Gonzalez-Heydrich J
Department of Psychiatry, Children's Hospital, Boston, MA 02215.
Med Hypotheses. 1993 Aug;41(2):123-30. doi: 10.1016/0306-9877(93)90057-w.
A neural network approach to modeling the development of personality traits through social learning is presented. From the more general model the special case of a network mapping four situation dimensions (input neurons) into seven dimensional personality traits (output neurons) is described. This network is allowed to learn with input/output sets representing conditions suspected of leading to a borderline personality disorder. The network's ability to learn these pattern pairs is demonstrated. The trained network is then presented with new input (situational) patterns and is shown to respond to these new situations with output patterns consistent with a borderline personality disorder.
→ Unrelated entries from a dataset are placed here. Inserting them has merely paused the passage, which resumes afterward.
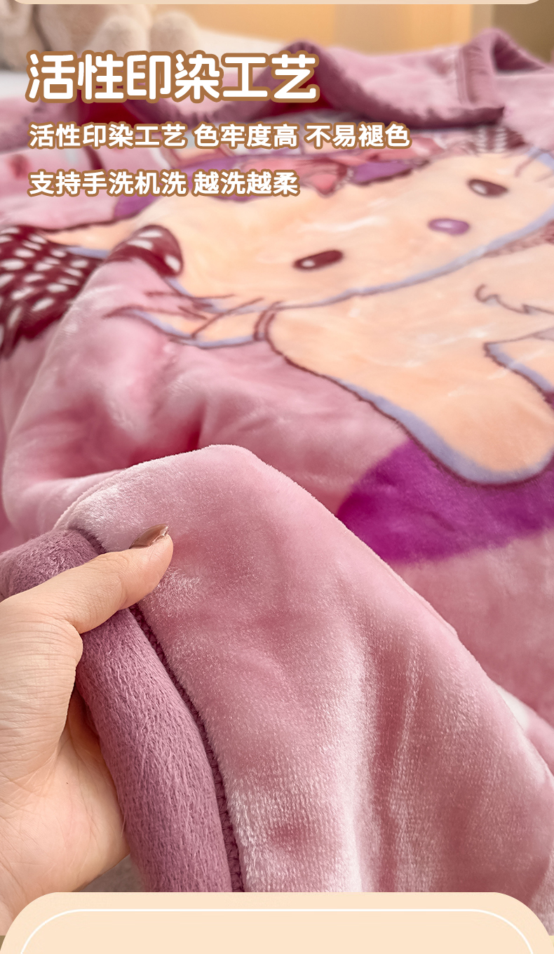 爱彼家纺 2025冬季新款拉舍尔童毯毛毯毯子-系列二 拉舍尔童毯-小小公主03绿灰
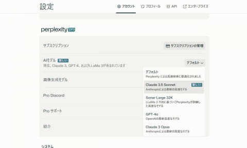 有償のProプランなら、検索と回答に用いるAIモデルを複数から選択できます。無料プランも含め、デフォルトで選択されているのはPerplexity独自の「検索に最適化されたモデル」ですが、Proプランに登録すると、コンテキスト長の大きい「Sonar Large 32K」や、最近リリースされたばかりの「Claude 3.5 Sonnet」、さらには「Claude 3 Opus」と「GPT-4o」も選べます。
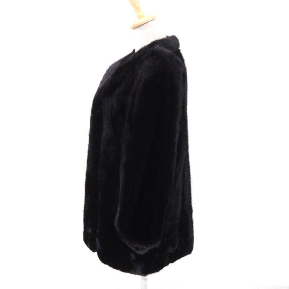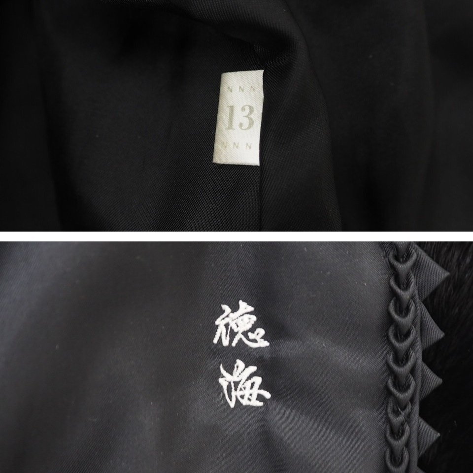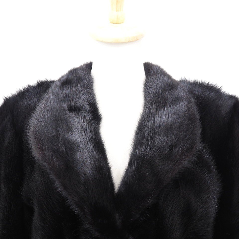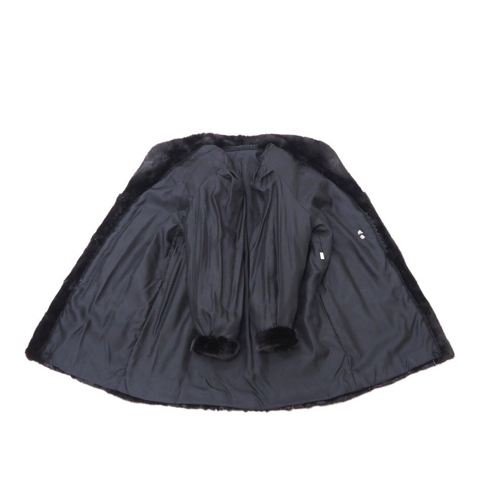 高級毛皮【 アップヘアー / なめし良好 / BIGサイズ 】◆美品 ◆ミンク ◆セミロングコート 79cm丈◆ブラック◆13号 大き目 肩幅広目◆C456
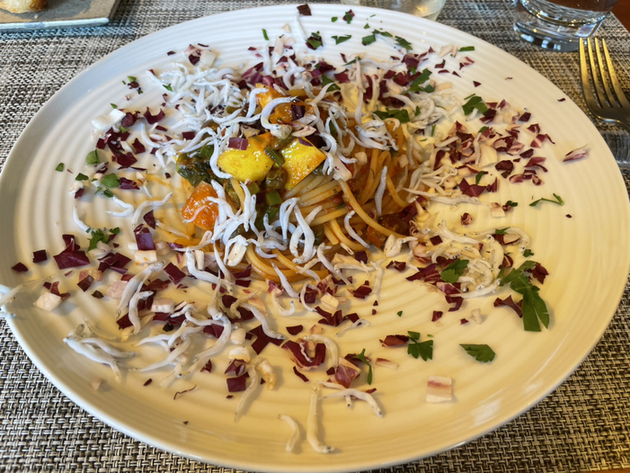 パスタはしらすと枝豆のパスタ。パスタの茹で加減がとても好み!
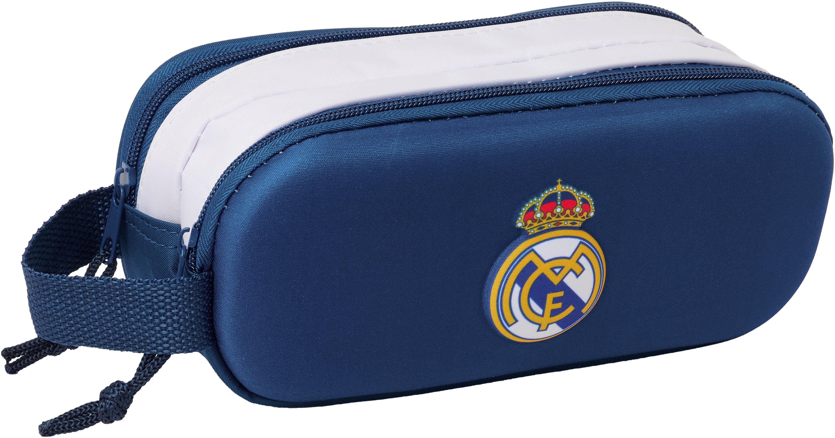Dobbelt penalhus fra Real Madrid med et praktisk design. Det har to rummelige rum, der holder styr på alt fra blyanter til viskelædere. Perfekt til skolen eller de kreative stunder. - To rum. - Rummeligt. - Lynlås. - Praktisk håndtag. - Fungerer lige så godt hjemme som til skolen! - 300D polyester, EVA.
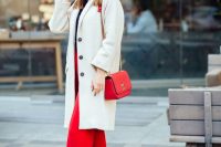 Červený kabát může být nesmírně elegantní. Co říkáte?
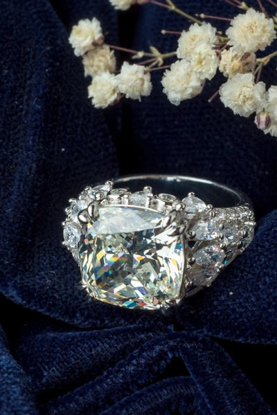 Dazzling luxury ring featuring a large cushion-cut diamond centrepiece, surrounded by a cluster of brilliant side stones set in a high-polish platinum band—crafted for timeless elegance and grandeur.
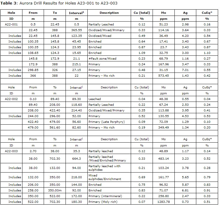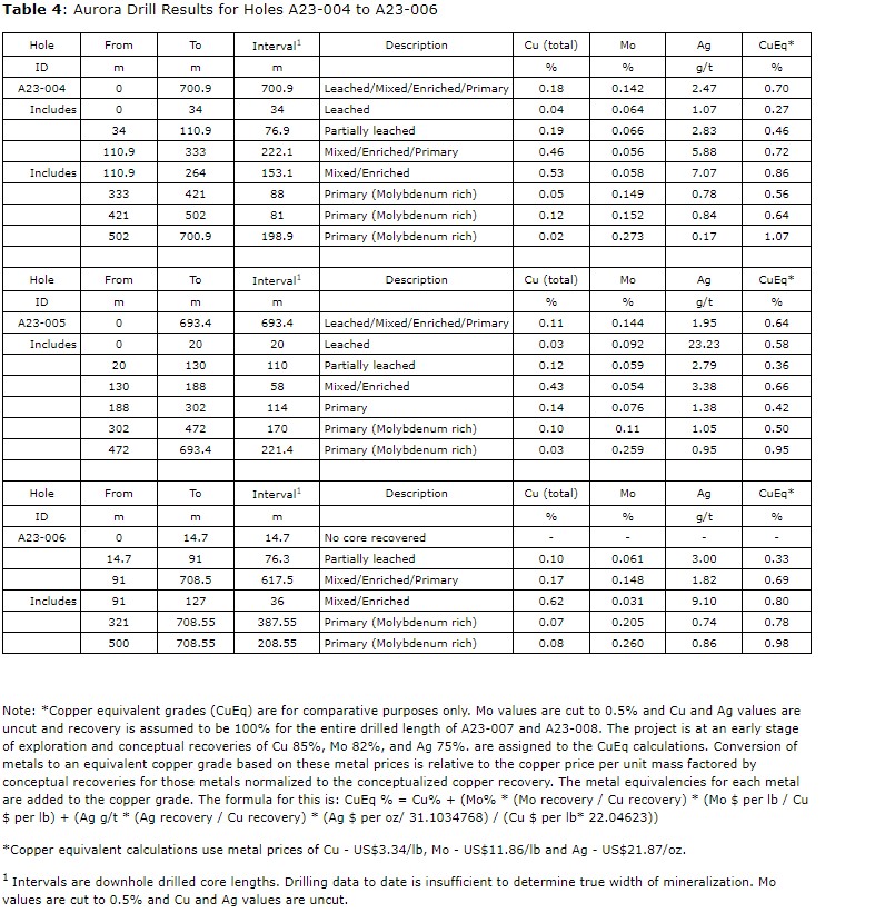 Ian Gendall, president and chief executive officer, commented: "A23-007 was drilled on a stepout of 237 m from A23-006 to define the western boundary of the porphyry Cu-Mo mineralization. This hole has now confirmed we have an east-west molybdenum-copper-silver mineralized zone of at least 685 m. The eastern limit is still open. We continue to intersect very encouraging copper-molybdenum mineralization at Aurora and the downdip extension is open, as are the northern, southern and eastern extents. Drilling of A23-009 is now ongoing on a large stepout of approximately 868 m to the southeast of A23-007 and we have, as expected, cut a mineralized porphyry, in A23-009 at 12.90 m. Assay results for A23-009 which ended at 790.55 m are awaited and we are very encouraged with early mineralized porphyry intersections observed in A23-009."

The neural network model is thus shown to have important advantages over other personality models in that it can predict what situations will produce shifts in personality traits, for example from active to passive. This model provides a quantitative and reproducible framework within which to discover and test theories of personality development. It is hoped that it will extend our ability to predict human behavior.
提出了一种通过社会学习对人格特质发展进行建模的神经网络方法。从更通用的模型中描述了一个将四个情境维度(输入神经元)映射到七个维度的人格特质(输出神经元)的网络的特殊情况。该网络被允许使用代表疑似导致边缘性人格障碍的条件的输入/输出集进行学习。展示了该网络学习这些模式对的能力。然后向训练好的网络呈现新的输入(情境)模式,并显示其对这些新情况的响应输出模式与边缘性人格障碍一致。因此,神经网络模型相对于其他人格模型具有重要优势,因为它可以预测哪些情况会导致人格特质的转变,例如从积极变为消极。该模型提供了一个定量且可重复的框架,用于发现和测试人格发展理论。希望它能扩展我们预测人类行为的能力。